Training on \(\le 20\) pages while generalizing to hundreds requires strict VRAM management. EGRA avoids simple page deletion by allocating resolution based on evidence: evidence pages maintain high resolution, while 70% of non-evidence pages are downsampled (1024 \(\rightarrow\) 256), with the remaining 30% kept at high resolution. At inference, all pages remain high resolution. This strategy reduces VRAM consumption and increases the signal-to-noise ratio in training data; since critical pages are clear and interference pages are blurred, the model's focus is naturally guided. This is superior to removing pages entirely as it allows the model to see the full document distribution and learn to extract evidence from noise.

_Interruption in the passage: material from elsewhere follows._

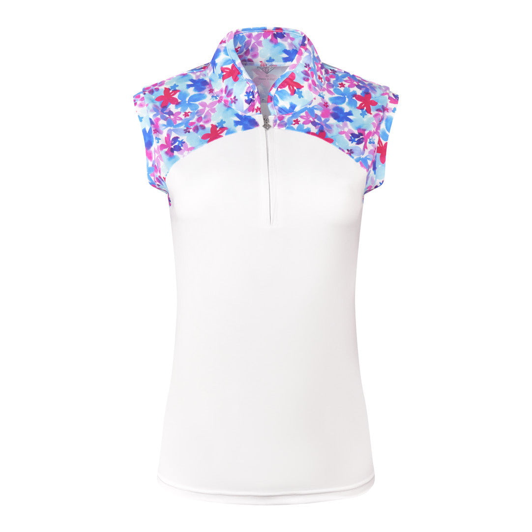 Spirit is a versatile partial print, sleeveless zip top made from anti-static, anti-crease, 4-way stretch, and quick-drying fabric with built-in UVA+UVB sun protection with UPF 35 to block harmful rays on the course. Looks great worn with either plain bottoms or a patterned skort subject to your preference.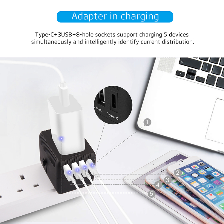 | उपयोग | 5V 5Amax total,each usb 2.4a, type c 3A |

An Example: Single-Point Query in a 468-Page Report

Suppose the question asks "In which year was the experiment in Appendix B completed?" In the Analyze phase, the model decomposes the intent—it seeks a specific time point, and evidence should appear near "Appendix B." In the Locate phase, it scans the full text with page IDs and selects pages 412 and 413 (noting "Appendix B Header + Experimental Table") to populate \(\mathbf{Y}_L\) and \(\mathbf{Y}_E\). In the Reason phase, the model reads only the high-resolution content of those pages, finds the year in the table footnote, and writes it to \(\mathbf{Y}_F\). Throughout this process, the model never "reads" all 468 pages in full detail; it applies a transferable "zoom-in" workflow learned from much shorter training documents.

Loss & Training

Stage I utilizes standard cross-entropy SFT with 13,986 samples distilled from Gemini-2.5-Flash to teach the ALR format. Stage II runs EviGRPO with a rollout group size of 16 and reward weights of 0.1 / 0.3 / 0.6. Training is conducted exclusively on documents with \(\le 20\) pages.

Key Experimental Results

Main Results

Method Params DUDE↑ MPDocVQA↑ MMLong↑ LongDocURL↑
Baseline 7B 35.2 70.1 25.4 37.8
InternVL3 8B 47.4 80.8 24.1 38.7
GPT-4o - 54.1 67.4 42.8 64.5
Ours 7B 56.8 87.2 48.5 58.3

Ablation Study

Configuration DUDE MPDocVQA Gain
Full DocSeeker 56.8 87.2 Baseline
SFT only 52.1 84.5 -4.7
SFT + GRPO (w/o Evidence Reward) 54.3 85.8 -2.5
w/o EGRA 50.8 82.1 -6.0

Key Findings

  • Performance improves by 30-60% compared to the baseline, proving the effectiveness of the ALR paradigm.
  • Robust generalization to ultra-long documents of up to 468 pages is achieved despite training only on documents with \(\le 20\) pages.
  • DocSeeker's localization capability works synergistically with visual RAG and can serve as a base model for RAG systems.

Highlights & Insights

  • The "short-to-long" generalization is a significant finding: the ALR paradigm learns transferable reasoning capabilities rather than memorization.
  • The EGRA strategy is simple yet efficient; differentiated resolution reduces memory overhead and improves the signal-to-noise ratio, proving more effective than page deletion.
  • The design of the evidence-aware reward makes the RL phase specifically targeted toward the intermediate grounding step.

Limitations & Future Work

  • Training data is limited to MP-DocVQA and DUDE, resulting in restricted domain coverage.
  • Dependency on Gemini-2.5-Flash for distillation means data quality is capped by the teacher model.
  • Purely visual approaches still face limitations in extremely dense text pages.
  • Future work may include scaling to multi-document and cross-document reasoning.
  • vs VisRAG/SV-RAG: These are retrieval-augmented methods; the ALR paradigm in DocSeeker provides end-to-end models with inherent localization capabilities.
  • vs mPLUG-DocOwl2: While DocOwl2 uses visual token compression, DocSeeker utilizes EGRA for differentiated resolution.

Rating

  • Novelty: ⭐⭐⭐⭐⭐ The ALR paradigm and EviGRPO are significant innovations.
  • Experimental Thoroughness: ⭐⭐⭐⭐⭐ Comprehensive in-domain and OOD evaluations with detailed ablations.
  • Writing Quality: ⭐⭐⭐⭐⭐ Clear articulation of both methodology and experiments.
  • Value: ⭐⭐⭐⭐⭐ Provides a major advancement for long document understanding.